*Work to be completed:* The result should be all the records, exact and complete, without a single picture.

*Data:*
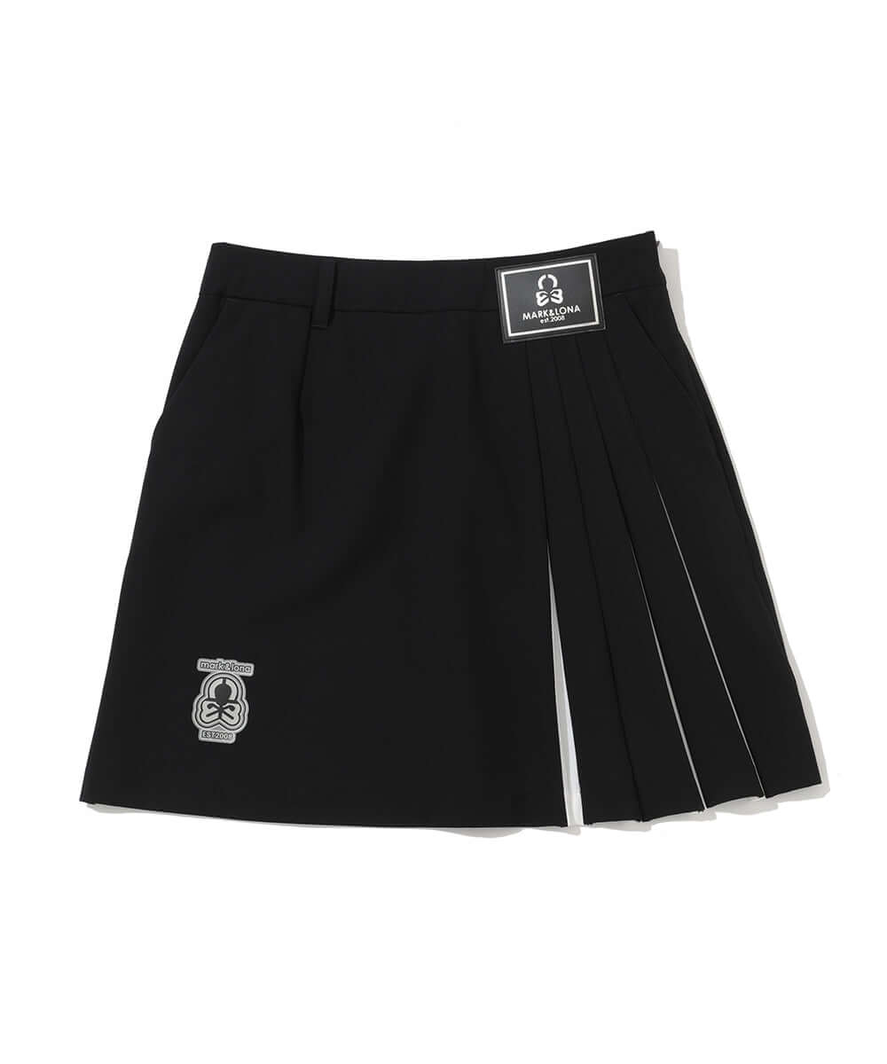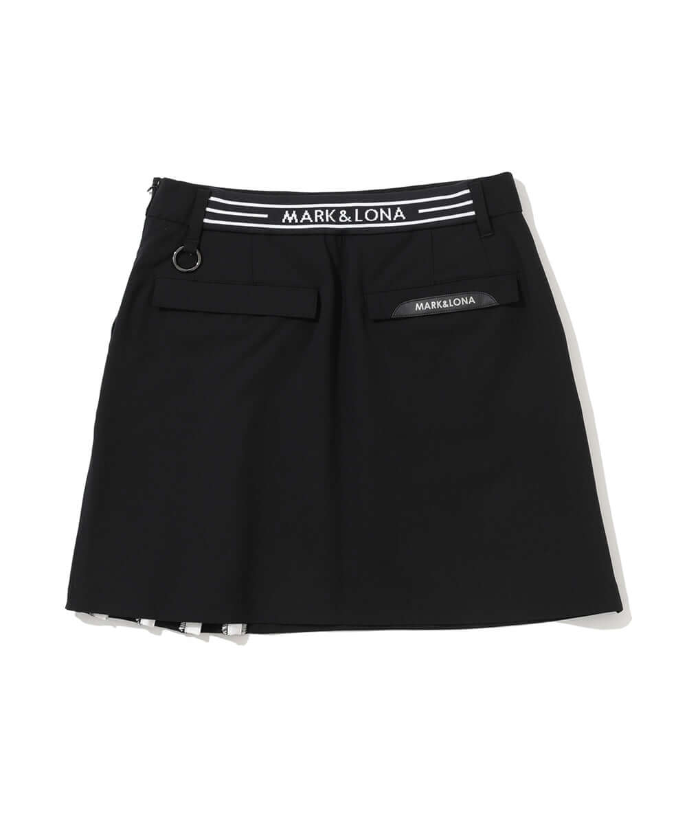 A sophisticated, asymmetrical pleated skirt with an eye-catching, elegant twill fabric and original pattern.
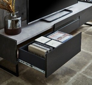 ステラ 150テレビボードは、テレビや機器の収納スペースが広く、リビングや寝室などさまざまな空間で活躍します。インテリアとしても引き立つスタイリッシュなデザインが、あなたのお部屋に高級感をもたらします。
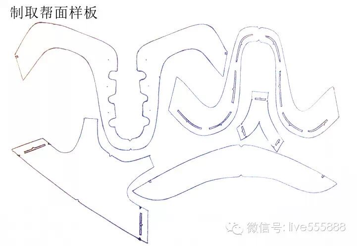 在帮面板上,里外怀共用一件折中板, 也叫设计板,包括了里外怀总合后的最大面积,里外怀的接帮点也相同:在楦底板上,经过了补差法处理,里怀前掌边沿去掉面板上里怀多出的量,外怀腰窝边沿去掉面板外怀多出的量。把接帮的标记点刻出
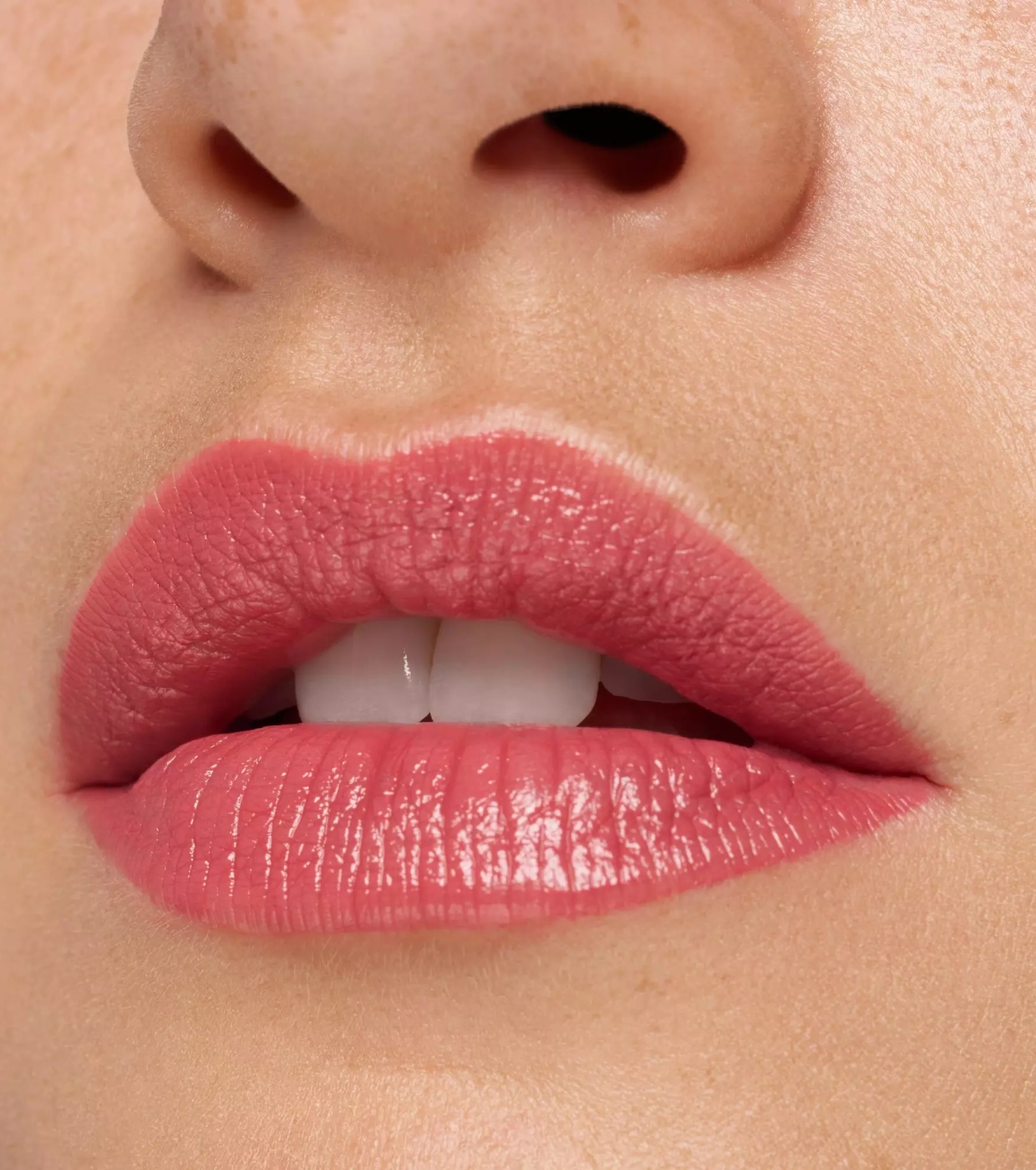 O acabamento acetinado equilibra perfeitamente um efeito mate elegante com um brilho luminoso, realçando o formato natural dos lábios com um resultado sofisticado.
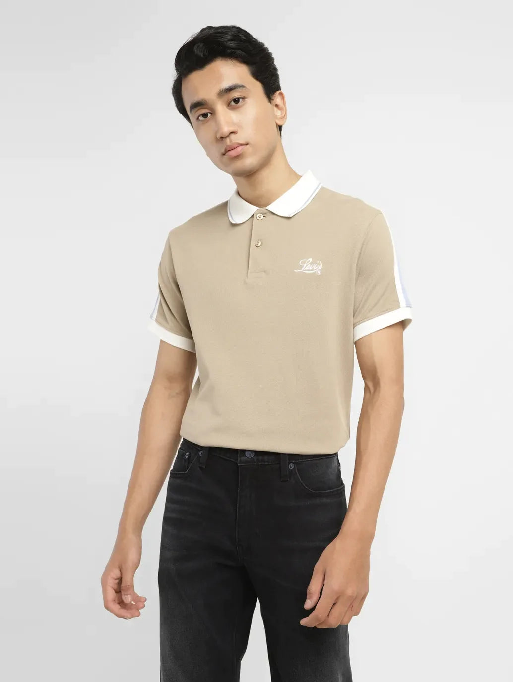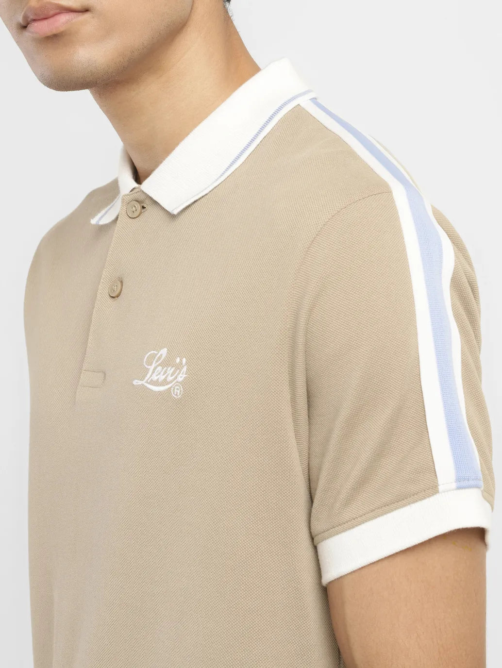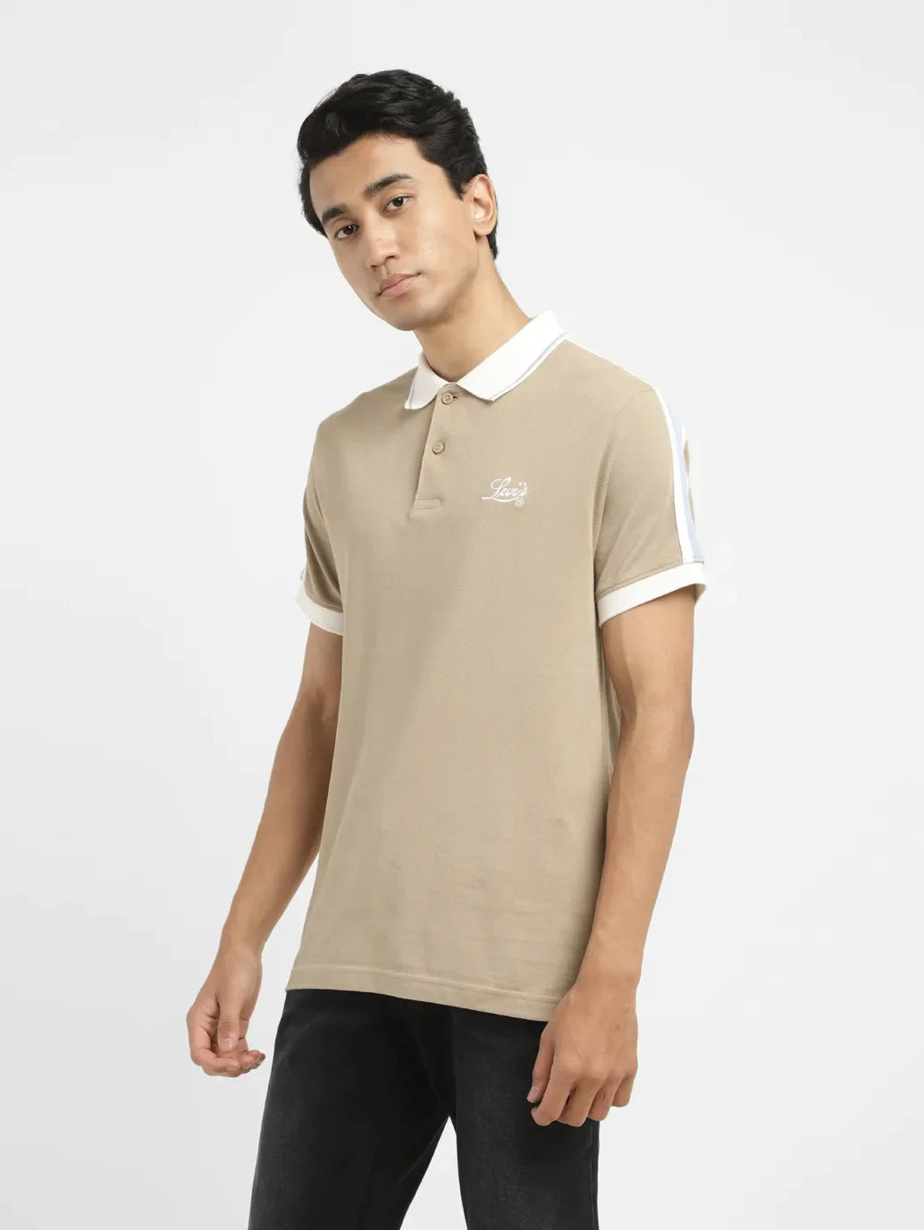 - Features a polo collar with contrast neckline, tape on shoulders and short sleeves
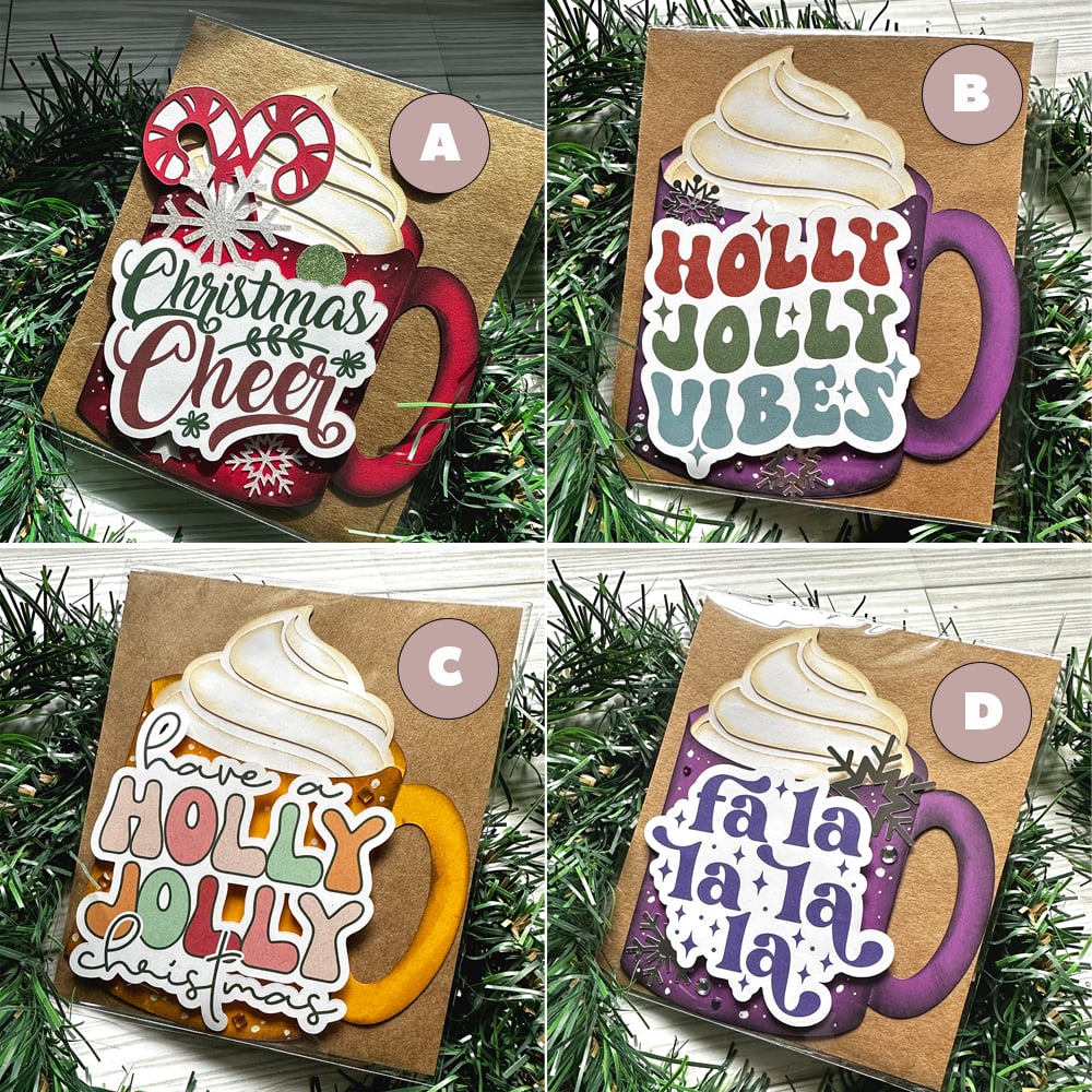 These make a great holder jazz up your gift cards for family, friends, teacher gifts, co-workers. Many colors and designs to choose from. Just slide your card into the opening inside the top. The back of the mug is blank so you can write your personalized message.
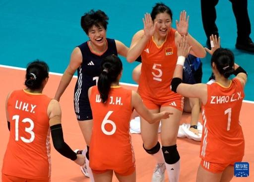 8月27日,中国队球员在比赛中庆祝得分。新华社发(卢炳辉摄)
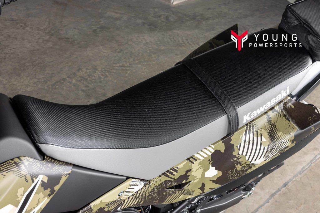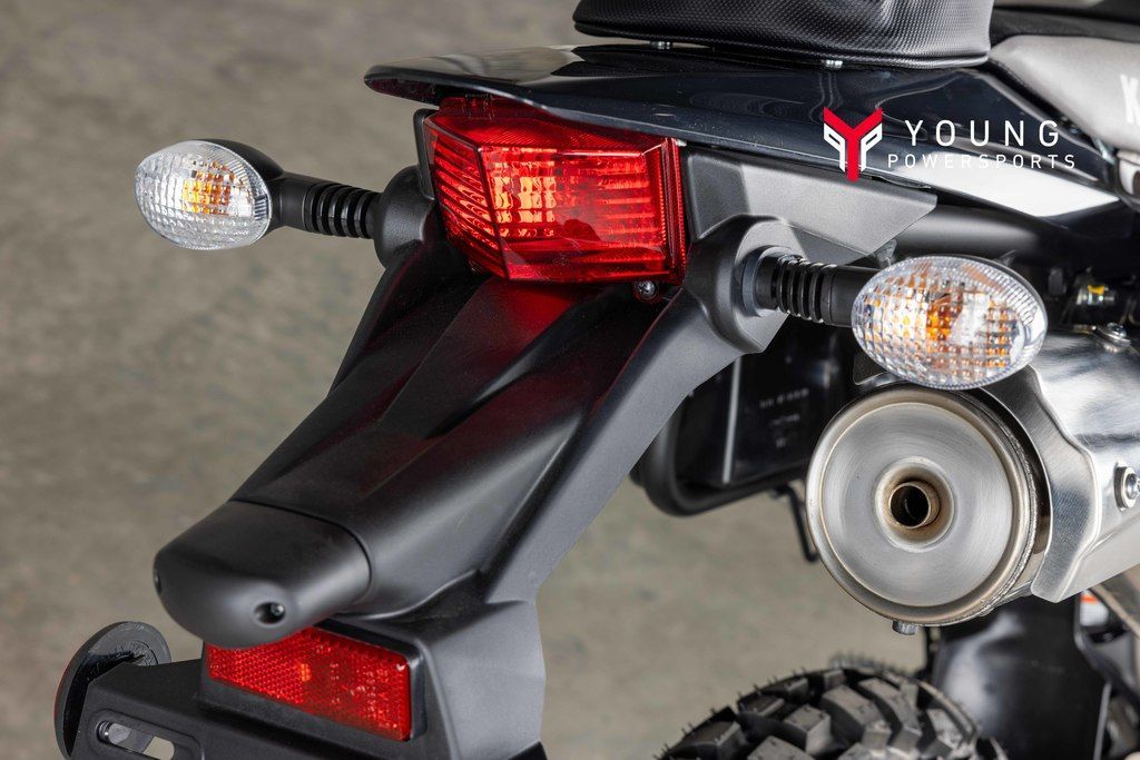 The KLX®300 dual-sport’s rider-friendly ergonomics closely align with the KLX®300R off-road motorcycle, offering an upright and relaxed riding position. Footpegs are positioned closer to the bike’s centerline for optimal riding comfort during on- and off-road excursions. Complementing adventure capabilities is a thick-padded seat that provides comfort on longer rides, while the 35.2-in seat height allows riders to comfortably reach the ground at stops for added confidence. The shroud design allows smooth transitions when shifting, enabling riders to feel more at one with their machine when cornering.
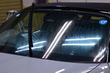 2日目これよりウィンドガラス(全面)ハイグレード撥水コーティングを施工してまいります。 まずはコーティング前の下地処理より行います。 |
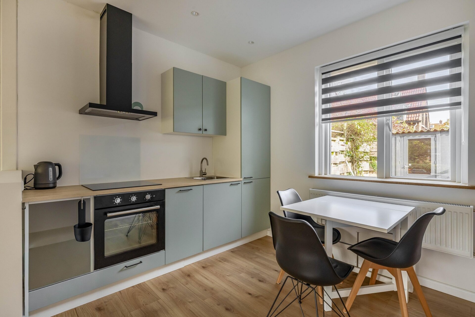 Binnenkomst is via een knusse entree alwaar een modern toilet. Eenmaal binnen valt direct de strakke afwerking op. De lichte woonkamer met laminaatvloer en grote raampartij biedt een fijne plek om te ontspannen. De open keuken is compact maar modern ingericht met een inductiekookplaat, afzuigkap, combi-oven en een koel-vriescombinatie. Alles wat je nodig hebt zit erin — en dat in een stijlvol, strak jasje.
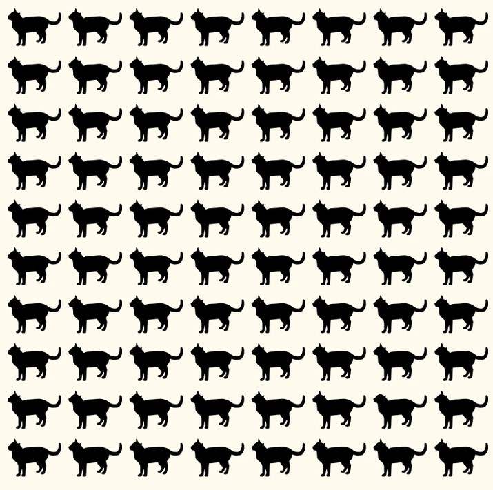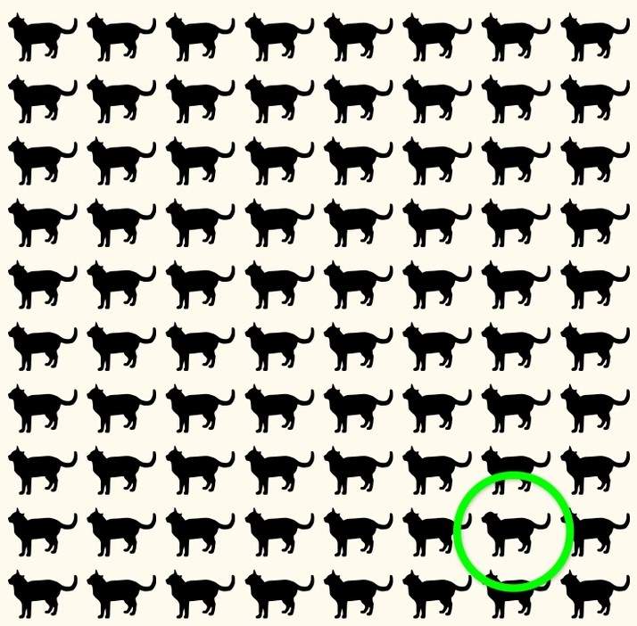 In this brain puzzle, you need to find out that one odd cat which is different from other cats in the group. There are 10 rows and 8 columns filled with similar-looking cats. To find the odd cat within 5 seconds you need to look quickly through all rows and columns. For your ease, we have highlighted the odd cat in the image given below:
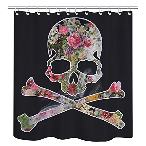 Skeleton Shower Curtain – Black Skull Head with Flowers Bath Curtain for Bathtub Funny Halloween Background Custom Bathroom Decor, Waterproof Mildew Resistant – 72 by 80 Inches, Polyester Fabric
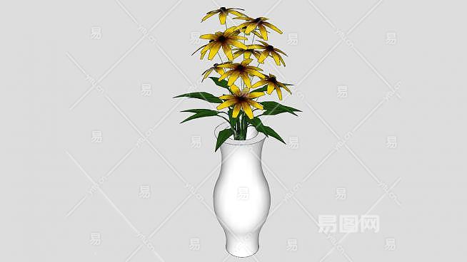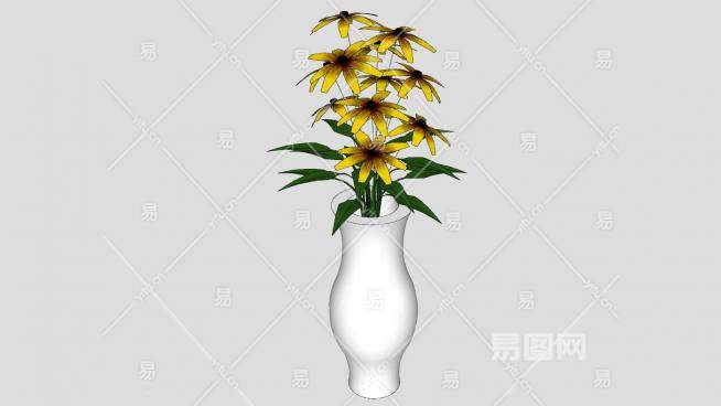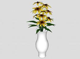 黄色花卉白瓷花瓶SU模型下载_sketchup草图大师SKP模型

*Reply to the task:*
 A sophisticated, asymmetrical pleated skirt with an eye-catching, elegant twill fabric and original pattern.
 ステラ 150テレビボードは、テレビや機器の収納スペースが広く、リビングや寝室などさまざまな空間で活躍します。インテリアとしても引き立つスタイリッシュなデザインが、あなたのお部屋に高級感をもたらします。
 在帮面板上,里外怀共用一件折中板, 也叫设计板,包括了里外怀总合后的最大面积,里外怀的接帮点也相同:在楦底板上,经过了补差法处理,里怀前掌边沿去掉面板上里怀多出的量,外怀腰窝边沿去掉面板外怀多出的量。把接帮的标记点刻出
 O acabamento acetinado equilibra perfeitamente um efeito mate elegante com um brilho luminoso, realçando o formato natural dos lábios com um resultado sofisticado.
 - Features a polo collar with contrast neckline, tape on shoulders and short sleeves
 These make a great holder jazz up your gift cards for family, friends, teacher gifts, co-workers. Many colors and designs to choose from. Just slide your card into the opening inside the top. The back of the mug is blank so you can write your personalized message.
 8月27日,中国队球员在比赛中庆祝得分。新华社发(卢炳辉摄)
 The KLX®300 dual-sport’s rider-friendly ergonomics closely align with the KLX®300R off-road motorcycle, offering an upright and relaxed riding position. Footpegs are positioned closer to the bike’s centerline for optimal riding comfort during on- and off-road excursions. Complementing adventure capabilities is a thick-padded seat that provides comfort on longer rides, while the 35.2-in seat height allows riders to comfortably reach the ground at stops for added confidence. The shroud design allows smooth transitions when shifting, enabling riders to feel more at one with their machine when cornering.
 2日目これよりウィンドガラス(全面)ハイグレード撥水コーティングを施工してまいります。 まずはコーティング前の下地処理より行います。 |
 Binnenkomst is via een knusse entree alwaar een modern toilet. Eenmaal binnen valt direct de strakke afwerking op. De lichte woonkamer met laminaatvloer en grote raampartij biedt een fijne plek om te ontspannen. De open keuken is compact maar modern ingericht met een inductiekookplaat, afzuigkap, combi-oven en een koel-vriescombinatie. Alles wat je nodig hebt zit erin — en dat in een stijlvol, strak jasje.
 In this brain puzzle, you need to find out that one odd cat which is different from other cats in the group. There are 10 rows and 8 columns filled with similar-looking cats. To find the odd cat within 5 seconds you need to look quickly through all rows and columns. For your ease, we have highlighted the odd cat in the image given below:
 Skeleton Shower Curtain – Black Skull Head with Flowers Bath Curtain for Bathtub Funny Halloween Background Custom Bathroom Decor, Waterproof Mildew Resistant – 72 by 80 Inches, Polyester Fabric
 黄色花卉白瓷花瓶SU模型下载_sketchup草图大师SKP模型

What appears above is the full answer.